HIGHLIGHTS OF THE WEEK
- Fedspeak took center stage this week. Fed Chair Yellen delivered prepared remarks to Congress, where among other things, she acknowledged the uncertainty as to when inflation would rise back toward its target.
- Taken together with Governor Brainard’s comments, markets interpreted the tone as dovish, with long-term Treasury yields and U.S. dollar falling, while U.S. equities soared toward all-time highs.
- Both the CPI and retail sales reports came in below consensus, adding further downside risk to the pace of Fed hikes over the next year and a half.
Soft Inflation Risks Delaying Fed Hike
Fedspeak took center stage this week with six members of the FOMC making public appearances. In what may be her last Congressional testimony as Fed Chair, Janet Yellen delivered prepared remarks and answered questions in both the House and Senate this week. She reiterated the Fed’s narrative that the economy is healthy enough to withstand further rate increases and that the process of balance sheet reduction is expected to begin this year. That said, she did acknowledge the uncertainty as to when inflation would rise back toward its target, noting that a handful of past factors would pressure inflation down until they drop out of the annual calculation. Inflation numbers out this morning confirmed that price pressures remained subdued in June, with the softness casting some doubt as to the idiosyncratic nature of the recent loss in momentum (Chart 1).
The Chair elaborated on the neutral rate of interest, noting that it is currently low, necessitating patience as far as rate hikes. However, she suggested that the neutral rate would likely move higher towards the 3% mark as the temporary factors holding it down ease off, motivating additional rate hikes over the coming years. This marked a divergence from Governor Brainard, who suggested in her remarks this week that the neutral rate is “likely to remain close to zero in real terms over the medium term.” Taken together, markets interpreted the comments as dovish, with long-term Treasury yields and U.S. dollar falling, while U.S. equities soared toward all-time highs. The latter were also buoyed by rising oil prices, on account of a bullish U.S. inventory report.
Yields and the dollar were further weighed down by a soft retail spending report with sales retreating in June, falling short of expectations for a modest gain (Chart 2). While the softer print leaves our second quarter consumption estimate still near 3%, the story is less upbeat as far as momentum heading into the third quarter with consumption on track to decelerate closer to the mid-2% mark. Together with the relatively broad-based weakness in discretionary spending categories, the poor spending performance leaves us somewhat puzzled – particularly given the continued strength in the labor market. On the whole, the combination of the weak CPI and retail sales reports adds some downside risk to the pace of Fed hikes over the rest of the next year and a half.
Still, we expect inflation pressures will begin to build through the remainder of the year, helped by an increasingly tight labor market. The labor market strength was reaffirmed by secondary data releases this week, with the JOLTS report indicating improved hiring and quit levels – the latter reflecting worker confidence – and upbeat worker compensation plans among small businesses in the NFIB survey. That said, the process of firming inflationary pressures is proving slower than expected.

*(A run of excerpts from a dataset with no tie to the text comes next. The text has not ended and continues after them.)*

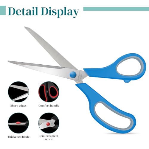 Suitable Size: The all purpose scissors are 8 inches in size, and larger sizes are more convenient to use, meeting your different needs. Colorful scissors are perfect for daily use or as gifts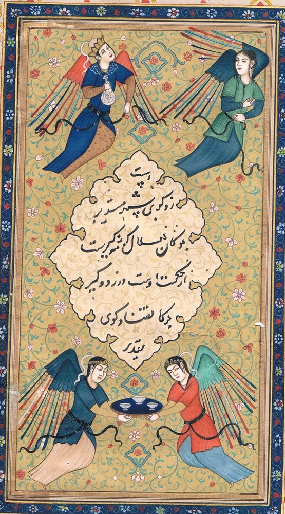 Hand Painted Persian Painting Angels & Islamic Calligraphy Art 6x9 Inches Hand-painted Persian paintings often depict angels and incorporate Islamic calligraphy, showcasing traditional artistry and cultural themes. One example is a piece adapted from a 16th-century Persian illuminated manuscript, which features an angel messenger and uses traditional painting techniques. SHIPPING We will dispatch your order as per our handling time. NOTE :: This product does not include any import duty, Buyer will be responsible for the same in their respective country. Have a nice day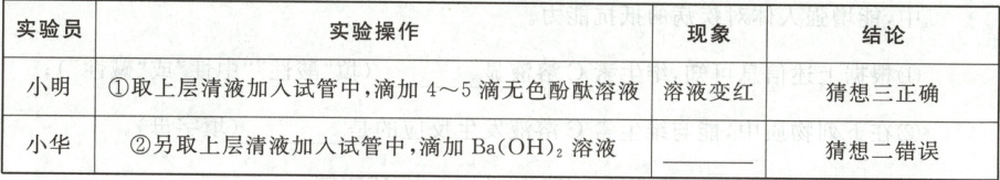 (4)小组同学在进行实验③时看到试管中产生大量白色沉淀,静置后取上层清液进行实验,探究其溶质的成分,大家提出了几种猜想: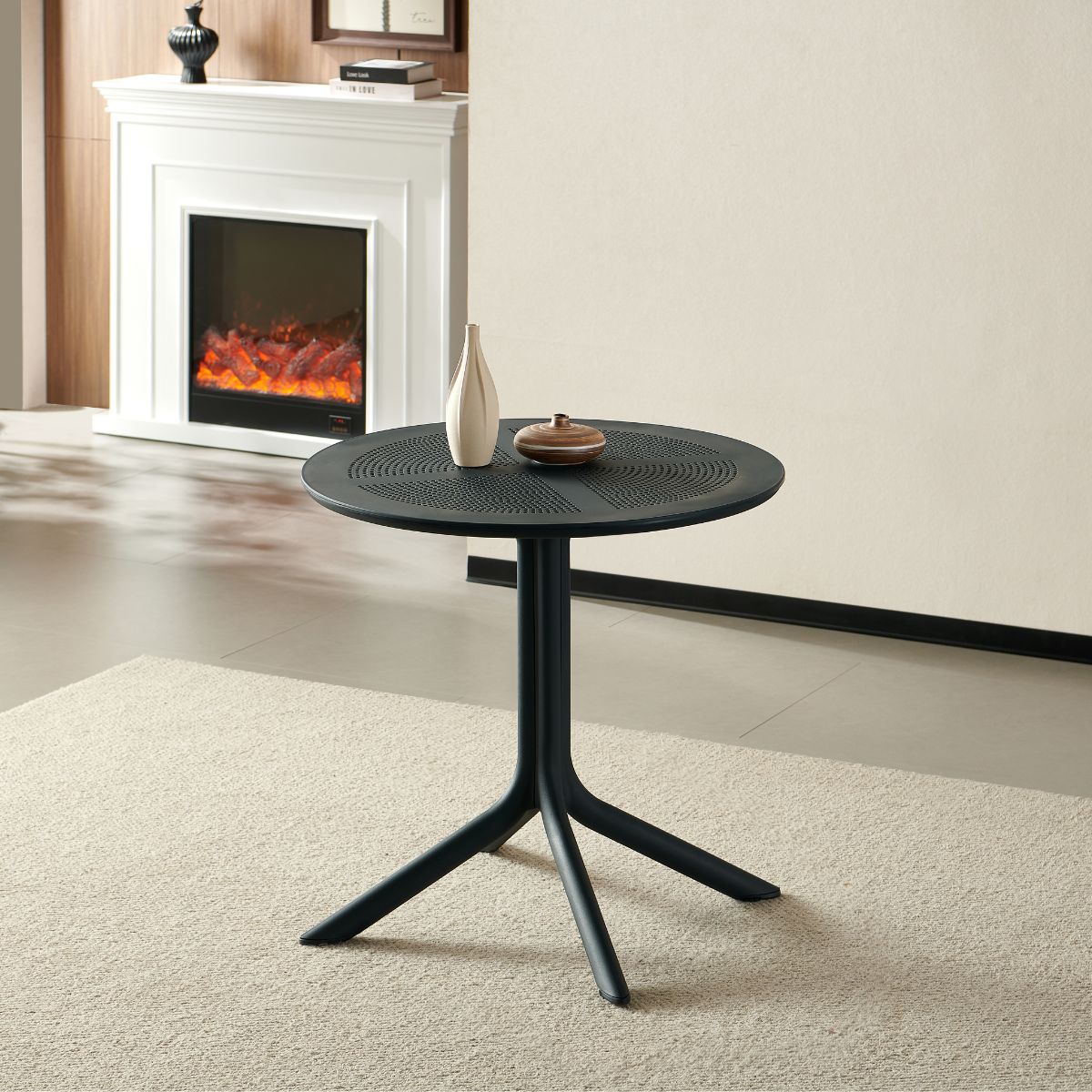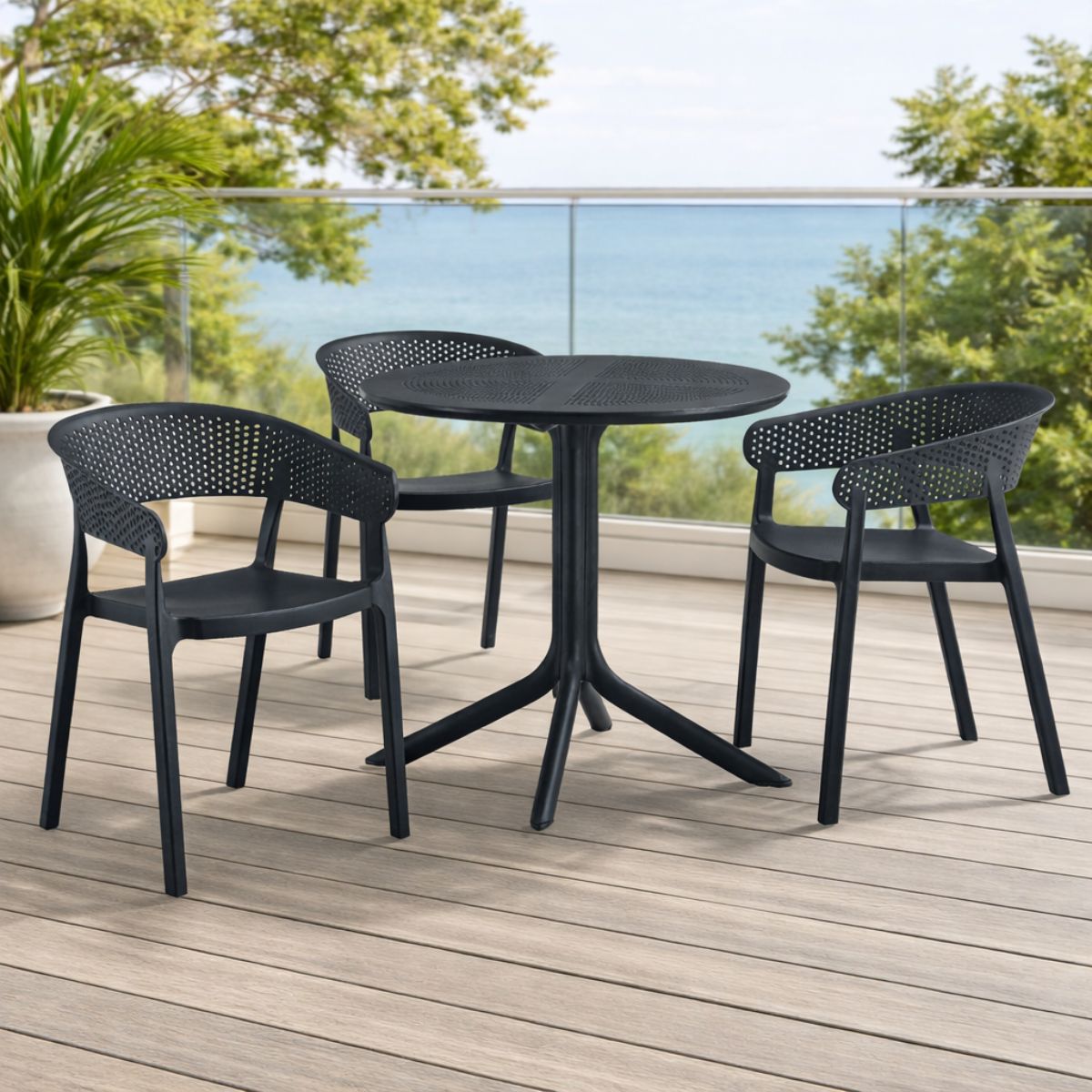 Fabricată din polipropilenă durabilă, rezistentă la intemperii, raze UV și umiditate. Blat pătrat cu perforații – previne acumularea apei și adaugă un plus de stil. Picior central robust, cu bază în patru puncte de sprijin pentru stabilitate sporită. Dimensiuni: Ø80 cm, înălțime 74 cm – perfectă pentru 2–4 persoane.

Outside of the U.S., improving global growth appears to be emboldening other central banks to consider reducing stimulus. The Bank of Canada saw through soft inflation figures and raised its overnight lending rate this week for the first time in 7 years. Meanwhile, tightening talk has gained further traction at the Bank of England, and the European Central Bank looks to announce a taper schedule of its asset purchases later this year. Such convergence in monetary policy direction would help the Fed’s interest rate normalization plans, but for now all eyes remain firmly on inflation.